He called for transparent management of the oil and gas revenues on the side of governments and transparent contract management between governments and the oil companies, saying this will be required for the oil and gas sector to be successful in East Africa.
Glover said East Africa will also have to co-operate on the benefits of the oil and gas sector. An EAC Common Market means labour can easily move across borders without too many restrictions.
In Uganda, he said the oil and gas sector will directly employ over 10,000 people with thousands more will indirectly benefit from the sector. Glover said East Africa has the workings of an oil sector that can be comprehensively linked if all the countries, including South Sudan, which has oil co-operated to develop the requisite oil and gas infrastructure.
Tullow has so far invested some $800 million in the exploration phase so far. He said the investment in Uganda will reach $4b when the farm down to Total SA and CNOOC is completed soon.

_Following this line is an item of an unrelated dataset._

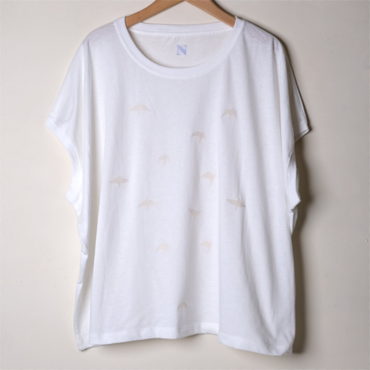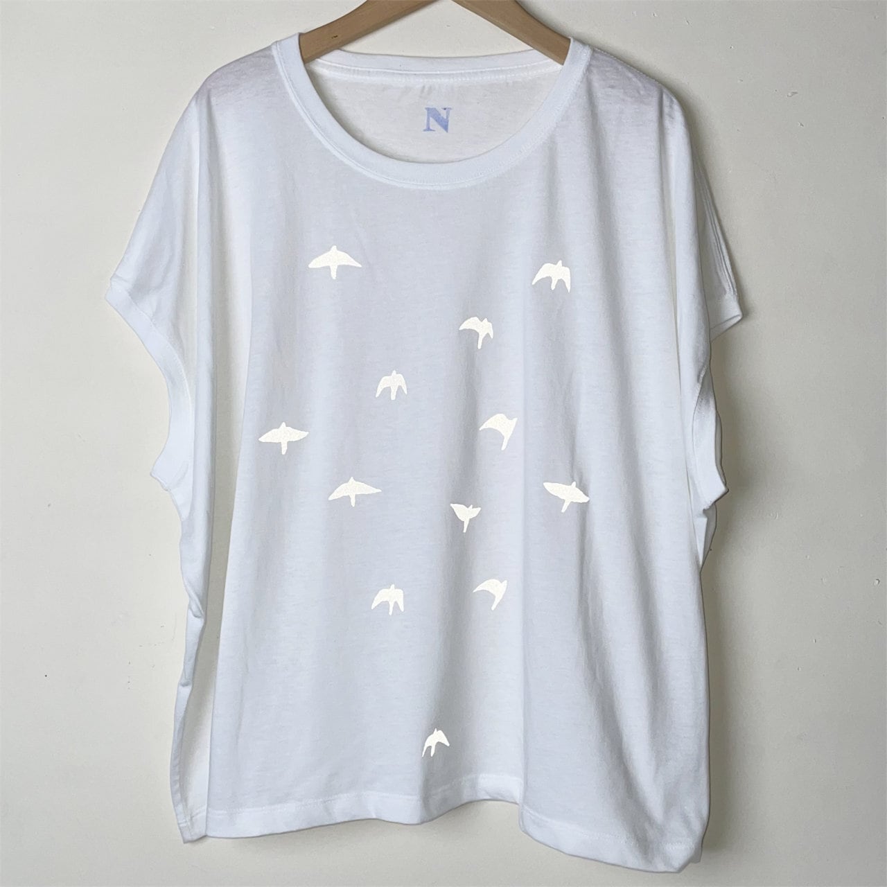 前面に12羽の鳥、背面右下にNマークを反射するインクでシルクスクリーンプリント。

Ultimately, Tullow, Total and CNOOC will invest at least $10 billion in the project, which will include a refinery and a 1,300-kilometer long pipe line to the East African coast for an export project on top of other production infrastructure.
"Tullow has so far been very successful to attract big international companies which can help in raising the required capital," he said.
Talks over the approval of the joint venture and a tax dispute over Tullow's purchase of Heritage Oil PLC (HOIL.LN) stakes in two blocks continue and an approval is expected soon, according to Uganda's energy and minerals Minister.
Early in the week, Uganda announced it will jointly build a $2 billion oil refinery with East Africa regional states.
The move is aimed at processing petroleum products to meet the regional energy needs.
Fred Kabagambe, the energy ministry permanent secretary, said the refinery would process a wide range of products, including diesel, petrol, kerosene and aviation fuel. A government official said the refinery would be developed in three phases under a public-private partnership arrangement. The first phase is expected to produce at least 20,000 barrels a day of refined fuel products such as diesel, gasoline and kerosene to supply the domestic market.